__Task prompt__:
In your copy, drop the images and return each record exactly as it stands.

▬▬▬

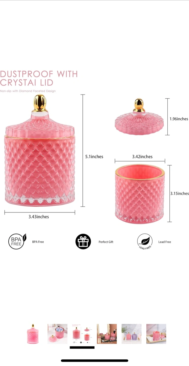 This pink candy jar is made of glass with a diamond faceted design. It features a crystal lid with a gold accent. BPA and lead-free.
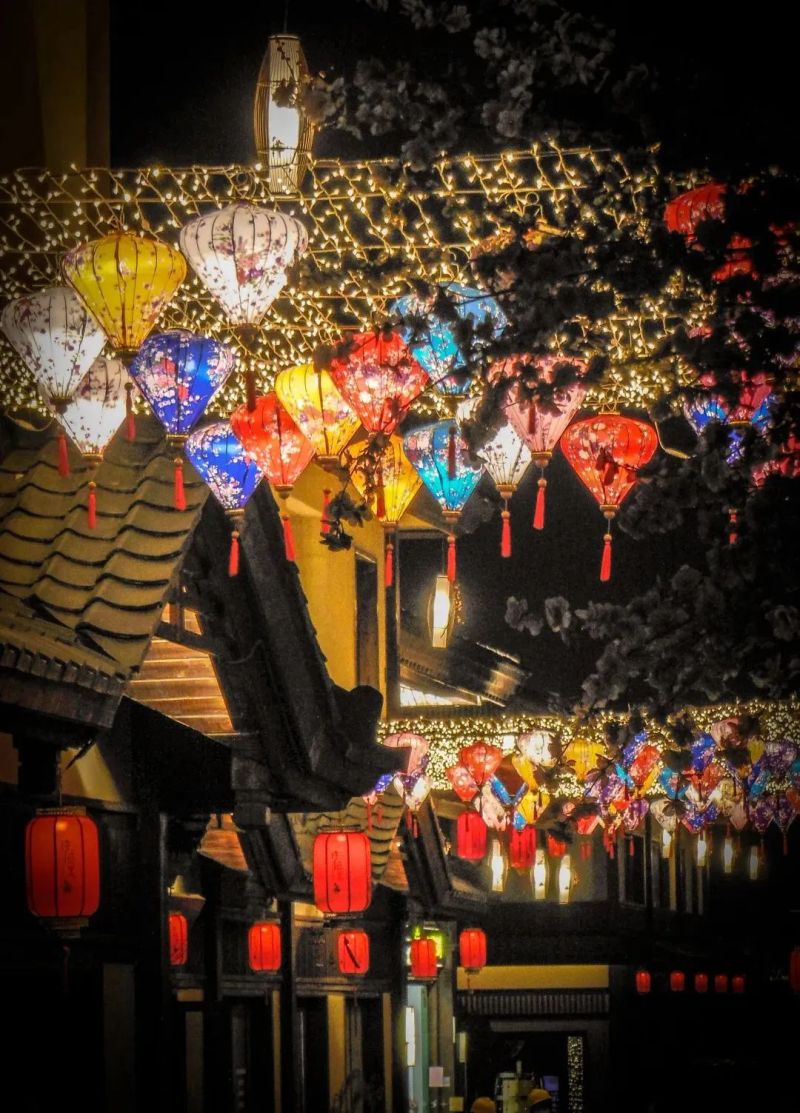 在鹿鸣食街和琇莹香街,巨龙花灯蜿蜒盘旋,锦鲤花灯灵动活泼,身着汉服穿梭其中,与花灯为伴既浪漫又好玩。
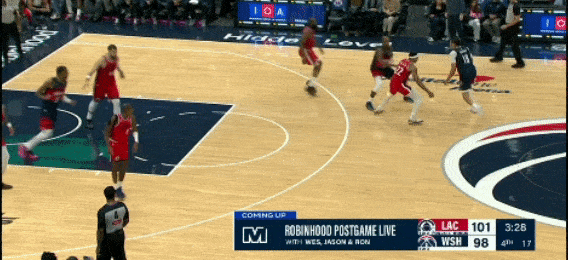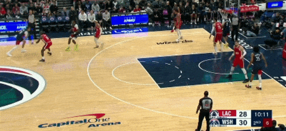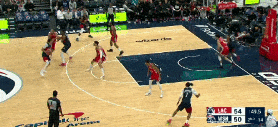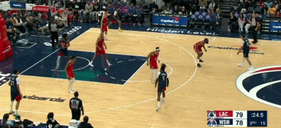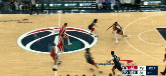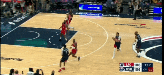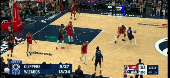 第二节,乔治打最后两次进攻,包括一个半场超远三分
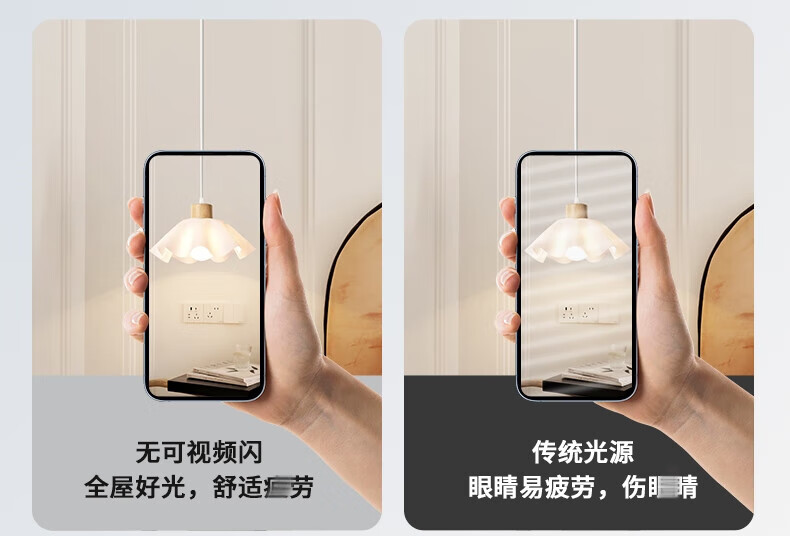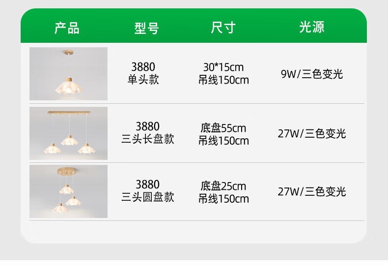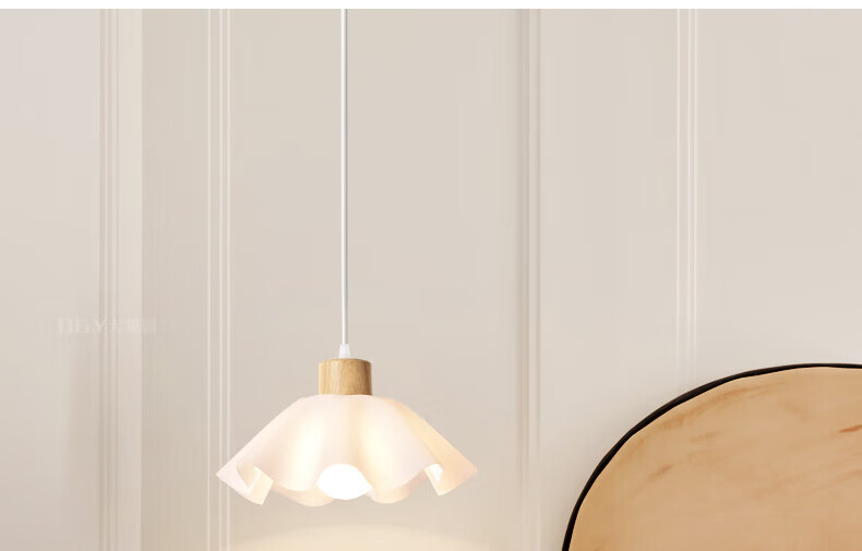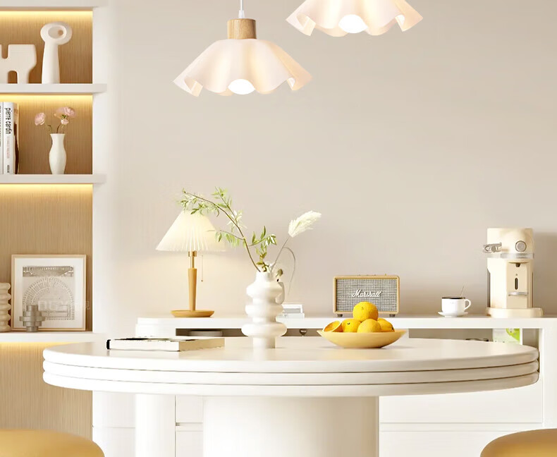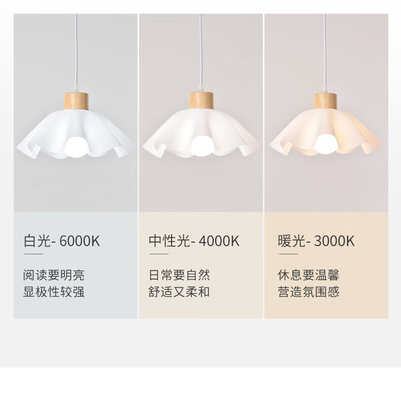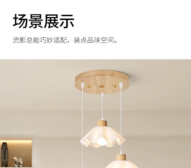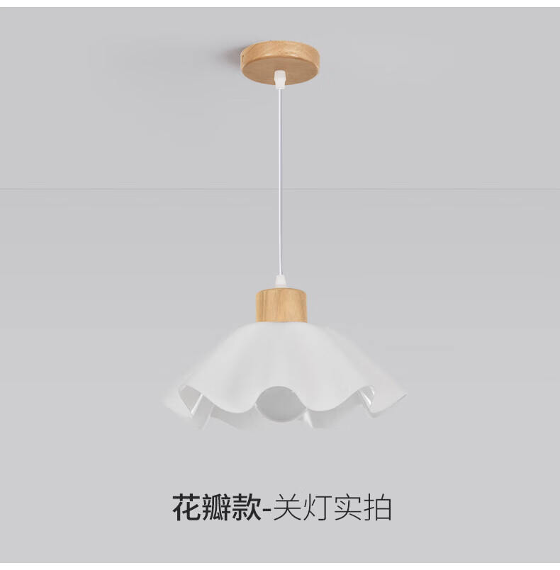 XMSJ餐厅吊灯北欧木艺餐厅灯新款侘寂风卧室床头吊灯花朵灯中山灯具 3880-三头长盘款-27W三色-全光
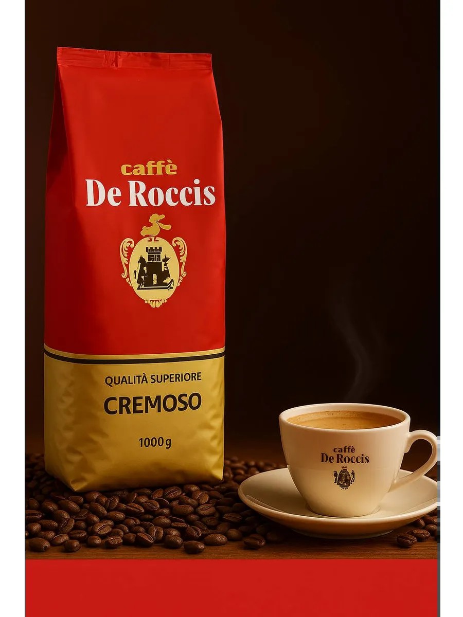 De Roccis Cremoso Qualità Rossa coffee is a rich and aromatic blend of high-quality Arabica and Robusta beans, created specifically for lovers of strong, creamy espresso.
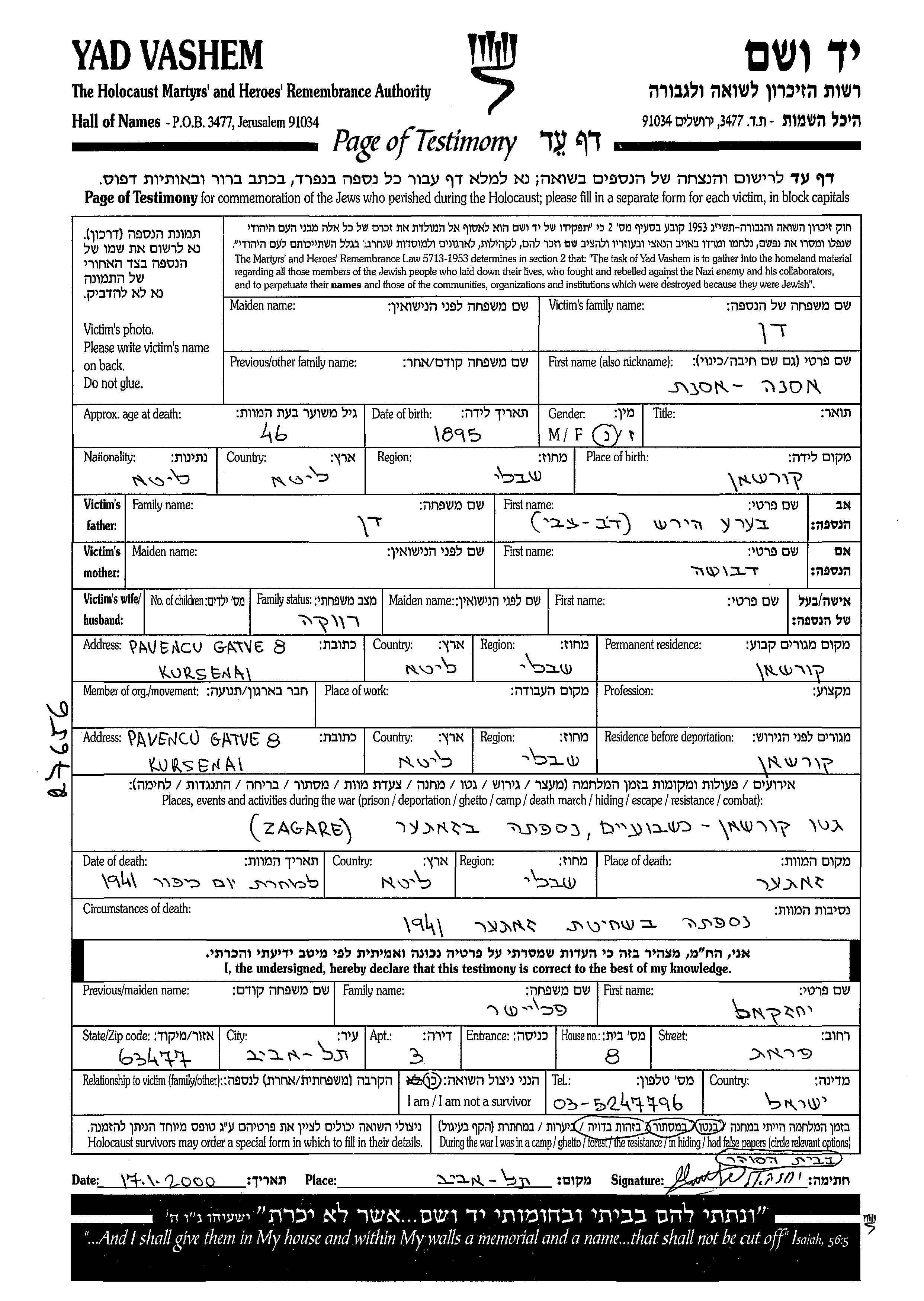 Дан Асна 1895 Куршан, Литва Лист свидетельских показаний

▬▬▬

__Problem solution__:
 This pink candy jar is made of glass with a diamond faceted design. It features a crystal lid with a gold accent. BPA and lead-free.
 在鹿鸣食街和琇莹香街,巨龙花灯蜿蜒盘旋,锦鲤花灯灵动活泼,身着汉服穿梭其中,与花灯为伴既浪漫又好玩。
 第二节,乔治打最后两次进攻,包括一个半场超远三分
 XMSJ餐厅吊灯北欧木艺餐厅灯新款侘寂风卧室床头吊灯花朵灯中山灯具 3880-三头长盘款-27W三色-全光
 De Roccis Cremoso Qualità Rossa coffee is a rich and aromatic blend of high-quality Arabica and Robusta beans, created specifically for lovers of strong, creamy espresso.
 Дан Асна 1895 Куршан, Литва Лист свидетельских показаний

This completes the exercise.